A possibilidade de se comunicar à distância por transmissão de voz causou tanto alvoroço na Cidade que, no início, as pessoas usavam o serviço até para saber “a hora certa” do dia. Informação que era dada pela relojoaria e ótica A Hora Certa, no Centro.
Também havia quem quisesse ligar para saber informações das mais diversas. E, para esse público, ainda de acordo com os arquivos de Nirez, havia o Informador Popular de Fortaleza, que oferecia até serviço funerário.
Telefone público
O primeiro telefone público — o chamado “orelhão” — de Fortaleza foi inaugurado no bairro Alto da Balança, em 1948, por Acrísio Moreira da Rocha, prefeito à época. O segundo foi instalado em Messejana poucos meses depois. Somente em dezembro de 1992, 29 anos atrás, é que chegaram os orelhões que funcionavam a cartão, equipamentos que, atualmente, devido à popularização dos telefones fixos e, depois, celulares, estão cada vez mais em desuso.
Trabalho de telefonistas
A aposentada Libânia Girão, 77 anos, acompanhou as mudanças das empresas de telefonia de Fortaleza desde 1969 até 1996, tendo atuado como telefonista e, posteriormente, assistente administrativa de empresas como a Companhia Telefônica do Ceará (Cotelce), Companhia de Telecomunicações do Ceará (Citelc), Teleceará e Telemar.
“No começo, a gente fazia mais trabalhos de serviços. As pessoas ligavam para perguntar informações, esse tipo de coisa. Depois a gente começou a fazer as transferências das ligações de pessoas que queriam falar com conhecidos de outras cidades do Ceará ou de outros estados”, relembra Libânia.
Conforme explica, o procedimento para localizar o remetente de uma ligação não era simples como nos dias atuais. Antigamente, ao ligar para uma cidade do interior, a telefonista precisava entrar em contato com o posto de serviço e esperar a responsável pelo atendimento avisar à pessoa buscada.
“Por exemplo, se alguém ligasse para Morada Nova e dissesse que queria conversar com Valquíria. A telefonista me dizia para retornar depois de 20 minutos, que era o tempo para chamar a Valquíria. Então, eu fazia o intercâmbio entre a pessoa que estava em Morada Nova e a de Fortaleza”, detalha.
Por isso, a maior dificuldade enfrentada costumava ser o tempo de espera e, também, a necessidade de conseguir contato com a linha de alguma cidade do interior, uma vez que ficava no aguardo de uma telefonista do posto atender sua ligação.

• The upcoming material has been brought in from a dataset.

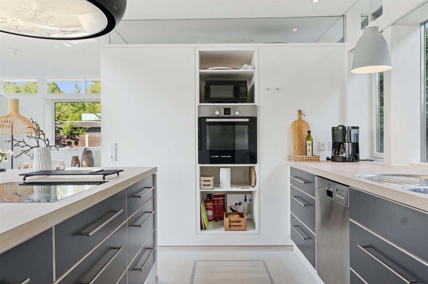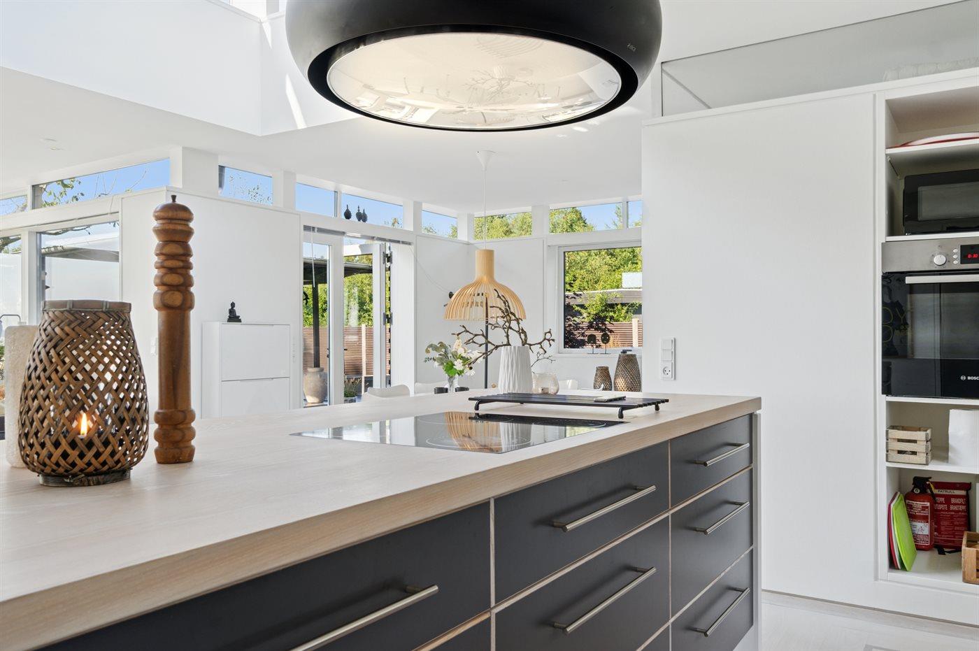 Køkkenet er udstyret med 1 køleskab. Der er 4 induktionskogeplader, varmluftovn, mikrobølgeovn samt opvaskemaskine.

Chegada do telefone no Brasil
No Brasil, o telefone chegou em 1877, trazido pelo imperador Dom Pedro II, que conheceu e testou a engenhoca numa exposição na qual Bell participava, na Filadélfia. “Meu Deus! Isto fala!”, teria dito o imperador, o primeiro brasileiro a interagir numa ligação. Segundo o especialista João César, o imperador já tinha proximidade com a ciência.
"Estava presente como avaliador do congresso mundial. Quando ele viu aquela mostra do telefone, no formato bem diferente do que era hoje, tomou a decisão de trazer para o Brasil", explica.
Como ainda hoje acontece com as inovações tecnológicas, o telefone, no início, era acessado somente pelos mais ricos do País. Além disso, a intenção inicial de Dom Pedro II era instalar uma linha apenas entre o Palácio da Quinta da Boa Vista e as casas ministeriais, no Rio de Janeiro.
Confira outros eventos
- 1955: Telefones de Fortaleza, que até então tinham apenas 4 dígitos, passam a acrescentar mais um algarismo, ficando com 5 números
- 1976: Fortaleza tem a inauguração do sistema de telefone DDI (Discagem Direta Internacional). Com isso, o Ceará passa a poder entrar em contato com países da Europa Ocidental, assim como com o Canadá e os Estados Unidos
- 1992: Os primeiros telefones públicos a cartão começam a funcionar de modo experimental em locais como no North Shopping, na Avenida Bezerra de Menezes; no Terminal Rodoviário Engenheiro João Tomé, na Avenida Deputedo Oswaldo Studart e no Center Um, na Avenida Santos Dumont.
- 2004: Os números de telefone fixo de Fortaleza e dos outros municípios cearenses, que antes estavam com 7 dígitos, tem acréscimo de mais um, ficando com um total de oito algarismos. É adicionado o algarismo ‘‘3’’ à frente do número pré-existente. Segundo arquivos do Nirez, a mudança atinge 800 mil linhas da Telemar no Estado.